| What you should do |
Your response should be the lines from the one containing "Kada je poslužena" through the end of the material, copied exactly and with nothing added.

■ ■ ■ ■

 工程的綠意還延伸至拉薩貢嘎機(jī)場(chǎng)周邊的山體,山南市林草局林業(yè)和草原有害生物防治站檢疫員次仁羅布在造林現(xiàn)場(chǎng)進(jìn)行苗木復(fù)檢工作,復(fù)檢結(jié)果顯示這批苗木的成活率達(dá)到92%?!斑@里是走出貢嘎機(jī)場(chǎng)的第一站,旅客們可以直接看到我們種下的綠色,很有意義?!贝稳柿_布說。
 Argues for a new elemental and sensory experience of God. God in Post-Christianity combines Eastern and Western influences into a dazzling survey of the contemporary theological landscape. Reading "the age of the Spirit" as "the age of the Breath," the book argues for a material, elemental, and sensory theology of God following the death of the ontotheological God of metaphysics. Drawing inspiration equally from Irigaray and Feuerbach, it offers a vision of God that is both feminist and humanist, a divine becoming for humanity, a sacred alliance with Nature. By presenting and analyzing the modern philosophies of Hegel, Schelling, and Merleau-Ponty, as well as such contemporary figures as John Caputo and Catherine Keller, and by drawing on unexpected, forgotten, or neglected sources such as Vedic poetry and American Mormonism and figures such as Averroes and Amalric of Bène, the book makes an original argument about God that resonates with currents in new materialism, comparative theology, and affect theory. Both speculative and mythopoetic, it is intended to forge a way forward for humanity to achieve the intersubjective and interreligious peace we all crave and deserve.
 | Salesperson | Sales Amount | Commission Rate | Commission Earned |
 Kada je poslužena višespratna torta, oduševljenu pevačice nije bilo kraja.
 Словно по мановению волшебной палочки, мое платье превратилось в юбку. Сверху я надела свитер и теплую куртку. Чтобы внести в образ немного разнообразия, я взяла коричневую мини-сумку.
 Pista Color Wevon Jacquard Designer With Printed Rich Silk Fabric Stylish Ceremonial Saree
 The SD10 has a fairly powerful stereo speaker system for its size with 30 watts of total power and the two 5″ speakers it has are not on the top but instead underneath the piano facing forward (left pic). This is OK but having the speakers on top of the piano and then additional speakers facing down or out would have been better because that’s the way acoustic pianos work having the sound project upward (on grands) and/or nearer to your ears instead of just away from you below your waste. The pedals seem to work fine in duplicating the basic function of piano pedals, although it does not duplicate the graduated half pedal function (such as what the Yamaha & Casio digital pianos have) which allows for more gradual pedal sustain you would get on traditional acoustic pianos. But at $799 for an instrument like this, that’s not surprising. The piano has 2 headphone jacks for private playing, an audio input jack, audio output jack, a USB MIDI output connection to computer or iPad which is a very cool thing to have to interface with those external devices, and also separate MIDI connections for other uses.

■ ■ ■ ■

| Result for this task |
 Kada je poslužena višespratna torta, oduševljenu pevačice nije bilo kraja.
 Словно по мановению волшебной палочки, мое платье превратилось в юбку. Сверху я надела свитер и теплую куртку. Чтобы внести в образ немного разнообразия, я взяла коричневую мини-сумку.
 Pista Color Wevon Jacquard Designer With Printed Rich Silk Fabric Stylish Ceremonial Saree
 The SD10 has a fairly powerful stereo speaker system for its size with 30 watts of total power and the two 5″ speakers it has are not on the top but instead underneath the piano facing forward (left pic). This is OK but having the speakers on top of the piano and then additional speakers facing down or out would have been better because that’s the way acoustic pianos work having the sound project upward (on grands) and/or nearer to your ears instead of just away from you below your waste. The pedals seem to work fine in duplicating the basic function of piano pedals, although it does not duplicate the graduated half pedal function (such as what the Yamaha & Casio digital pianos have) which allows for more gradual pedal sustain you would get on traditional acoustic pianos. But at $799 for an instrument like this, that’s not surprising. The piano has 2 headphone jacks for private playing, an audio input jack, audio output jack, a USB MIDI output connection to computer or iPad which is a very cool thing to have to interface with those external devices, and also separate MIDI connections for other uses.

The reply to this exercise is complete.